This document describes how we map the checklist data to Darwin Core.
Load libraries:
library(tidyverse)
library(here)
library(janitor)
library(readxl)
library(digest)
The source data is maintained as an Excel file elsewhere. It is manually copied to this repository.
Read source data:
raw_data <- read_excel(path = here("data", "raw", "checklist.xlsx"))
Preview raw data:
glimpse(raw_data)
## Rows: 2,617
## Columns: 18
## $ Id <dbl> 1, 2, 3, 4, 5, 6, 7, 8, 9, 10, 11, 12, …
## $ Taxon <chr> "Acanthus hungaricus (Borbás) Baen.", "…
## $ `Hybrid formula` <chr> NA, NA, NA, NA, NA, NA, NA, NA, NA, NA,…
## $ Synonym <chr> NA, NA, NA, NA, NA, NA, NA, NA, NA, NA,…
## $ Family <chr> "Acanthaceae", "Acanthaceae", "Acanthac…
## $ `M/I` <chr> "D", "D", "D", "D", "D", "D", "D", "D",…
## $ FR <chr> "2016", "1998", "2016", "2013", "1680",…
## $ MRR <chr> "2018", "2016", "2018", "2018", "N", "A…
## $ Origin <chr> "E", "E AF", "E AF AS-Te", "AF", "AS-Te…
## $ Presence_Fl <chr> "X", "X", "X", "X", "X", "X", "X", "X",…
## $ Presence_Br <chr> "X", NA, NA, NA, "X", NA, NA, NA, NA, "…
## $ Presence_Wa <chr> NA, "X", NA, NA, "X", "X", NA, NA, NA, …
## $ `D/N` <chr> "Cas.", "Cas.", "Cas.", "Cas.", "Nat.",…
## $ `V/I` <chr> "Hort.", "Hort.", "Hort.", "Hort.", "Ho…
## $ taxonRank <chr> "species", "species", "species", "speci…
## $ scientificNameID <chr> NA, "http://ipni.org/urn:lsid:ipni.org:…
## $ Habitat <chr> "Terrestrial", "Terrestrial", "Terrestr…
## $ `Name (excl. author citation)` <chr> "Acanthus hungaricus", "Acanthus mollis…
To link taxa with information in the extension(s), each taxon needs a
unique and relatively stable taxonID. Here we create one in
the form of dataset_shortname:taxon:hash, where
hash is unique code based on scientific name (not
kingdom).
# Vectorize the digest function (The digest() function isn't vectorized. So if you pass in a vector, you get one value for the whole vector rather than a digest for each element of the vector):
vdigest <- Vectorize(digest)
input_data <-
raw_data |>
remove_empty("rows") |>
clean_names() |>
mutate(
taxon_id = paste(
"alien-plants-belgium",
"taxon",
vdigest(taxon, algo = "md5"),
sep = ":"
)
)
Information on the occurrences is given for the regions, while date information is given for Belgium as a whole.

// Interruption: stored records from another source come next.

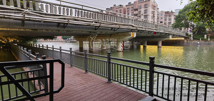 - 浙江温州金桥沿河绿道贯通与提升工程-钢箱体浮桥是由我司优化设计与建造安装施工一体化服务的工程项目,根据现场公路桥的净高和水位变化的特点而建造的低干舷钢制箱体浮桥通道,打造城区市政道路与市民绿道的人车分流,水岸休闲漫步游道无缝衔接,提升市民的休闲漫步体验与整体亲水景观效果。我司是专业承建水上浮桥栈道、水上浮动平台、水上浮动码头以及市政园林景观工程中配套的水上浮动设施、钢木结构及装饰类的设计建造安装等一体化服务。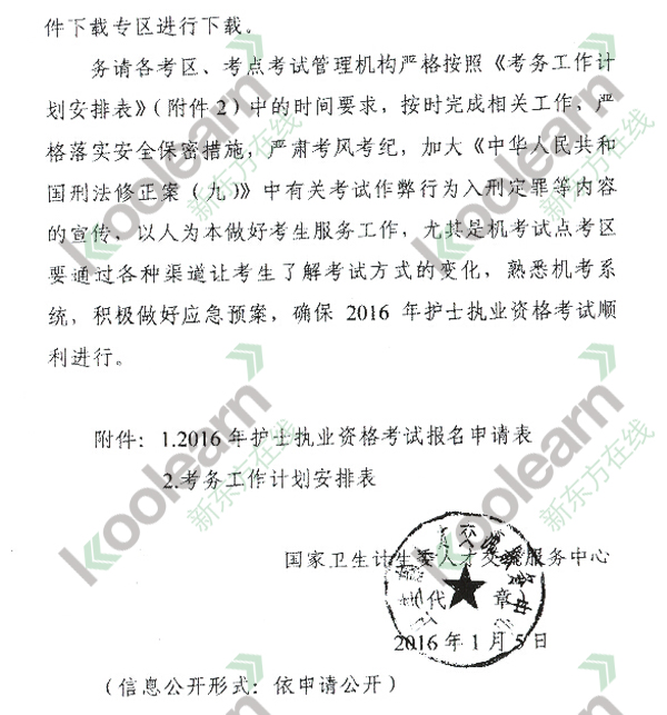 点击查看国家卫计委人才交流服务中心关于2016年护士执业资格考试考务工作安排的具体通知。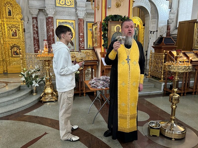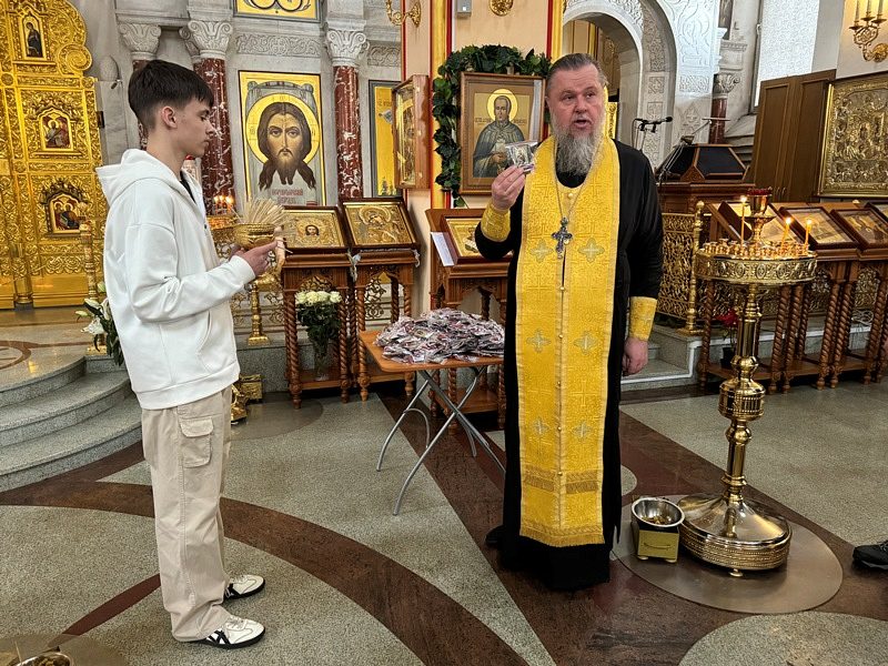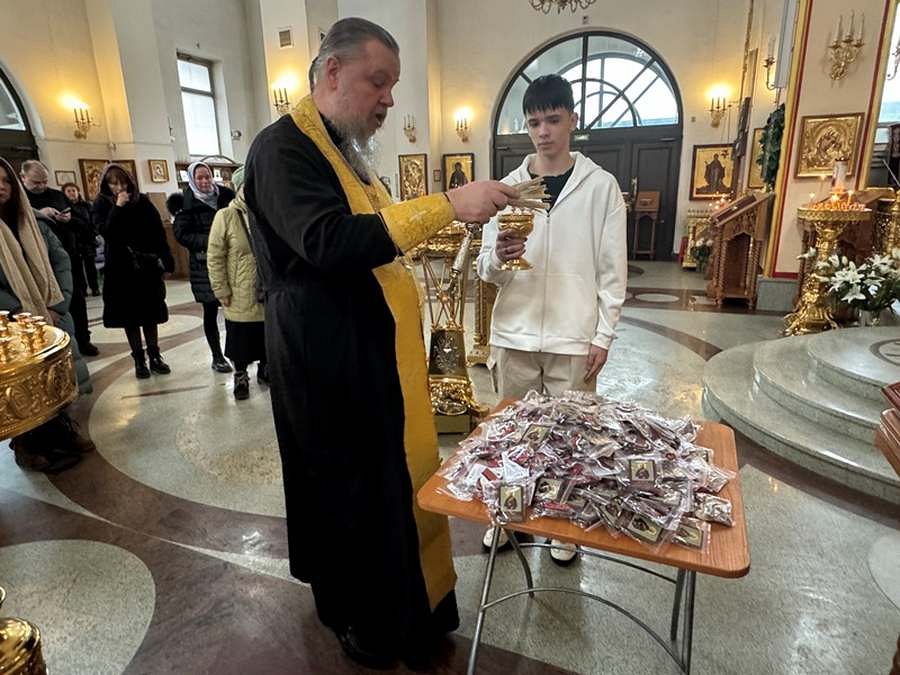 Посылку воинам совместно с храмом подготовили волонтеры района Южное Бутово. Настоятель окропил иконы Святого адмирала перед его храмовым образом святой водой и обратился к присутствующим с призывом молиться о наших воинах и оказывать им постоянную помощь и поддержку.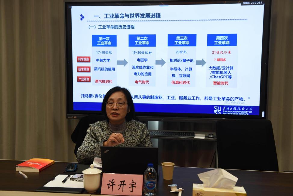 许开宇副校长以时间为主轴,梳理四次工业革命脉络,阐释各阶段技术突破、理论支撑与社会影响,强调“科学与技术交叉推动”是共同规律,回顾了中国工业探索历程,从洋务运动错失机遇,到新中国建立工业体系,再到改革开放后跨越式发展,如今中国工业与科技成就显著。同时,说明了当前中国面临的技术、贸易等挑战,结合党的二十大与“新质生产力”要求,强调教育、科技、人才的支撑作用,提出高校需创新模式培养高素质人才。最后鼓励师生党员要深入思考新时代所需的技术与人才标准,立足自身岗位,在学习与工作中锤炼本领、勇于创新,既要传承中华优秀传统文化,也要勇担科技自立自强的时代使命,为学校建设产业特色、世界一流的应用创新型大学,为国家从“制造大国”迈向“制造强国”贡献智慧与力量。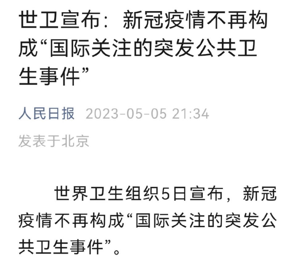 北京时间5月5日晚,世界卫生组织宣布新冠疫情不再构成国际关注的突发公共卫生事件,解除2020年1月30日拉响的最高级别警报。

Some transformations and clarifications are needed.
Some species have two values for occurrenceStatus
and eventDate, i.e. species with the degree of
naturalisation (d_n) of extinct (Ext.) or
extinct/casual (Ext./Cas.).
Extinct: introduced taxa that once were naturalized (usually rather locally) but that have not been confirmed in recent times in their known localities. Only taxa that are certainly extinct are indicated as such. Extinct/casual: Some of these extinct taxa are no longer considered as naturalized but still occur as casuals; such taxa are indicated as “Ext./Cas.” (for instance Tragopogon porrifolius).

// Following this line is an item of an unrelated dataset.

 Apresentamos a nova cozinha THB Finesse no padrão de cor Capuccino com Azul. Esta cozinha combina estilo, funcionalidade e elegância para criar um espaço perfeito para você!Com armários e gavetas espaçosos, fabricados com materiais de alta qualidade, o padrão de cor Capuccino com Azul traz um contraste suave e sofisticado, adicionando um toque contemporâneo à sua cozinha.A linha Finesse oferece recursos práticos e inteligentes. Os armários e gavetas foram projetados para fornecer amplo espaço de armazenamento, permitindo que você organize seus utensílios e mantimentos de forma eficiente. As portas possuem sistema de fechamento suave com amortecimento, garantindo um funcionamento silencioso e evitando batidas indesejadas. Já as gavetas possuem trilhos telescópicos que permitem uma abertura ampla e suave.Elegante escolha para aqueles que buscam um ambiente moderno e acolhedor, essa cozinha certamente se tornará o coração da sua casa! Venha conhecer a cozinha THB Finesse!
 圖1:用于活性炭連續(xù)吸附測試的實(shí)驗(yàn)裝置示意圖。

For these species, we include the occurrenceStatus
within the specified time frame (eventDate
= first - most recent observation) and after the last
observation (eventDate = most recent observation - current
date).
The easiest way to do use a stepwise approach:
distributionoccurrenceStatus_ALO (ALO =
after last observation) for extinct and extinct/casual speciesoccurrenceStatus and eventDate from
cleaned presence and date information in distribution (for
eventDate = first - most recent observation)occurrenceStatus and eventDate from
cleaned presence and date information in
occurrence_status_ALO (for eventDate = most
recent observation - current date)The checklist contains minimal presence information
(X,? or NA) for the three regions
in Belgium: Flanders, Wallonia and the Brussels-Capital Region,
contained in presence_fl, presence_wa and
presence_br respectively. Information regarding the
first/last recorded observation applies to the distribution in Belgium
as a whole. Both national and regional information is required in the
checklist. In the distribution.csv, we will first provide
occurrenceStatus and `eventDate`` on a national
level, followed by specific information for the
regions.
For this, we use the following principles:
When a species is present in only one region, we can
assume eventDate relates to that specific region. In this
case, we can keep lines for Belgium and for the specific region
populated with these variables (see #45).
When a species is present in more than one region, it is
impossible to extrapolate the date information for the regions. In this
case, we decided to provide occurrenceStatus for the
regional information, and specify dates only for Belgium.
Thus, we need to specify when a species is present in only one of the regions.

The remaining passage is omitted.